Goodrich brought suit against Aero Union regarding its purchase. The complaint consisted of three claims under the APA agreement, one claim under the MLA agreement and one that was not clearly under either. Aero Union moved to compel arbitration of all claims.
The Court disregarded Aero Union's argument that all of the claims arose out of "one integrated business transaction." Although the agreements referred to each other and the APA incorporated the terms of the MLA, the agreements related to different aspects of the transaction. The Court pointed to the language of the arbitration clause within the MLA, which referred to "this Agreement," (italics omitted), meaning the MLA. The Court reasoned that the parties could have included an arbitration agreement in the APA if they intended to arbitrate all disputes arising out of the purchase. The MLA governs a small aspect of the whole purchase and "it follows that the arbitration clause only applies to disputes as to those aspects of the transaction that are actually covered by the [MLA]." See Int'l Ambassador Programs v. Archexpo, 68 F.3d 337 (9th Cir.1995).
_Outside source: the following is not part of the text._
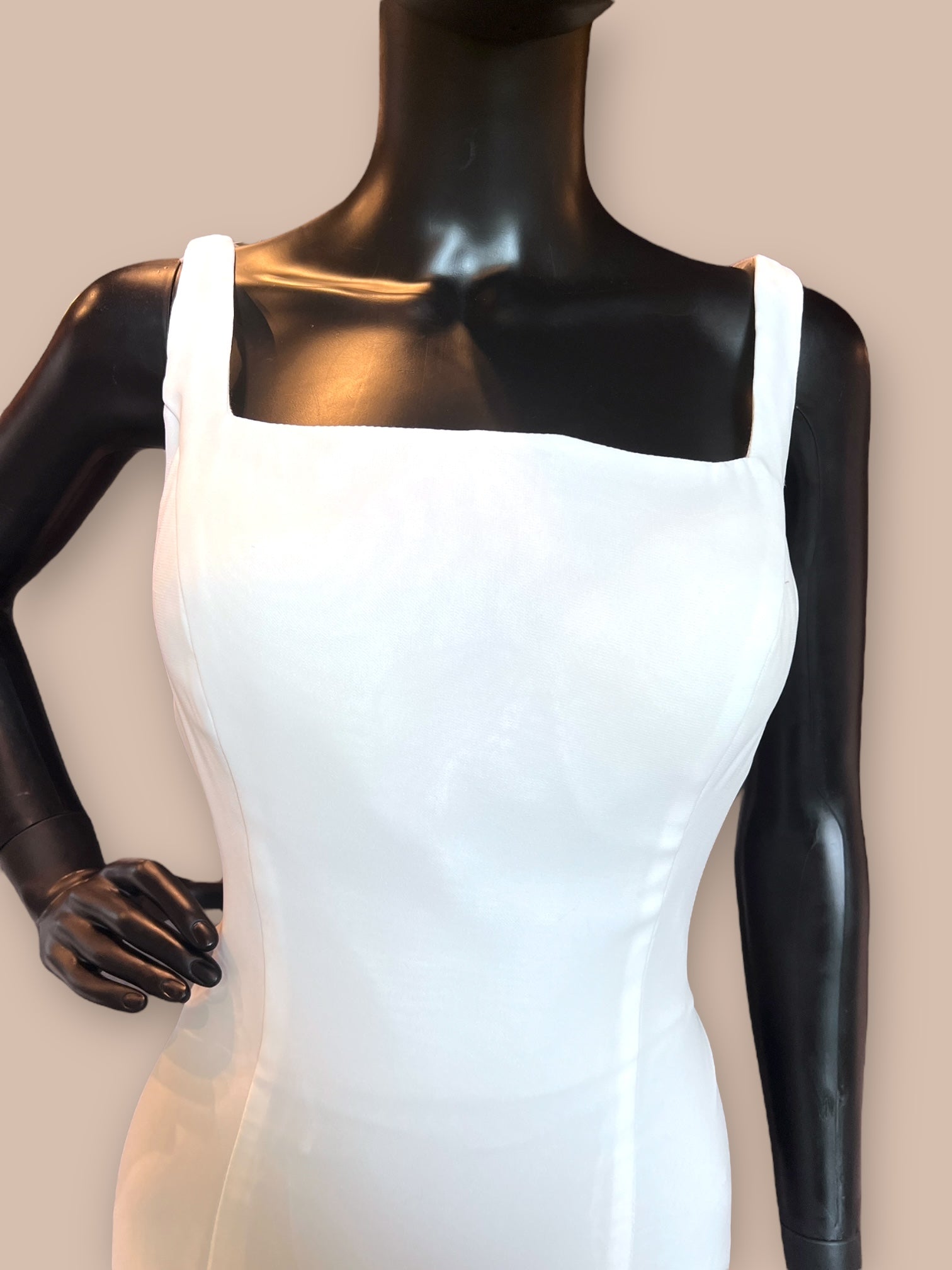 Simple, sweet and beautiful. This chiffon sheath is a slight fit and flare with a square neckline and wide straps. The open back has soft lace accents and button closure. The sweep train adds just a little touch of grace without impeding movement too much.

The Court agreed with, but disregarded Aero Union's concern with the inefficiency of resolving some claims in the court and some in arbitration. The Court declined to "rewrite [the] contract merely because it commands an inefficient result." The parties only consented to arbitrate claims arising under the MLA and thus cannot be compelled to arbitrate the other claims. The Court denied the motion to compel arbitration in regards to four of the claims, but granted as to the one claim which arose under the MLA.